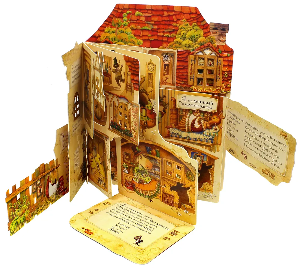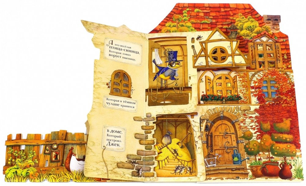 И всё здесь, как в настоящем доме - и резные окошки, и тёмный чулан, в котором пшеница хранится, и чердак, откуда строит козни птица-синица, и лесенки, по которым снуют туда-сюда неугомонные обитатели, и уютная комнатка, где корова безрогая и молочница строгая спасаются от… Впрочем, это секрет. История почти детективная, с ограблениями и преследованиями, безупречно переведённая Самуилом Маршаком и остроумно нарисованная Ольгой Попугаевой и Дмитрием Непомнящим.
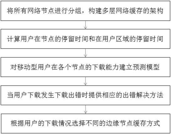 基于多层网络缓存架构和各个处理模型在移动用户访问的过程中根据用户的下载情况有效调整边缘节点的缓存方式,包括根据用户下载能力的预测调整不同的提供数据缓存的节点,通过用户下载出错模型调整提供下载和后续数据缓存的位置节点,实现选择不同的边缘节点缓存选择方式。
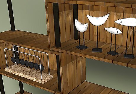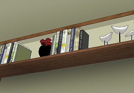 Store items high on the wall. When possible, mount floating shelves on your walls to hold lightweight items like books, figurines, and small electronics. For bulkier items like musical instruments and potted plants, see if you can hang them by attaching adhesive hooks or anchor screws to the wall.

# # # # # # #

- [PROBLEM TO WORK ON] Every line of the material above should be repeated exactly, except for the pictures.

- [EXERCISE RESPONSE]
 И всё здесь, как в настоящем доме - и резные окошки, и тёмный чулан, в котором пшеница хранится, и чердак, откуда строит козни птица-синица, и лесенки, по которым снуют туда-сюда неугомонные обитатели, и уютная комнатка, где корова безрогая и молочница строгая спасаются от… Впрочем, это секрет. История почти детективная, с ограблениями и преследованиями, безупречно переведённая Самуилом Маршаком и остроумно нарисованная Ольгой Попугаевой и Дмитрием Непомнящим.
 基于多层网络缓存架构和各个处理模型在移动用户访问的过程中根据用户的下载情况有效调整边缘节点的缓存方式,包括根据用户下载能力的预测调整不同的提供数据缓存的节点,通过用户下载出错模型调整提供下载和后续数据缓存的位置节点,实现选择不同的边缘节点缓存选择方式。
 Store items high on the wall. When possible, mount floating shelves on your walls to hold lightweight items like books, figurines, and small electronics. For bulkier items like musical instruments and potted plants, see if you can hang them by attaching adhesive hooks or anchor screws to the wall.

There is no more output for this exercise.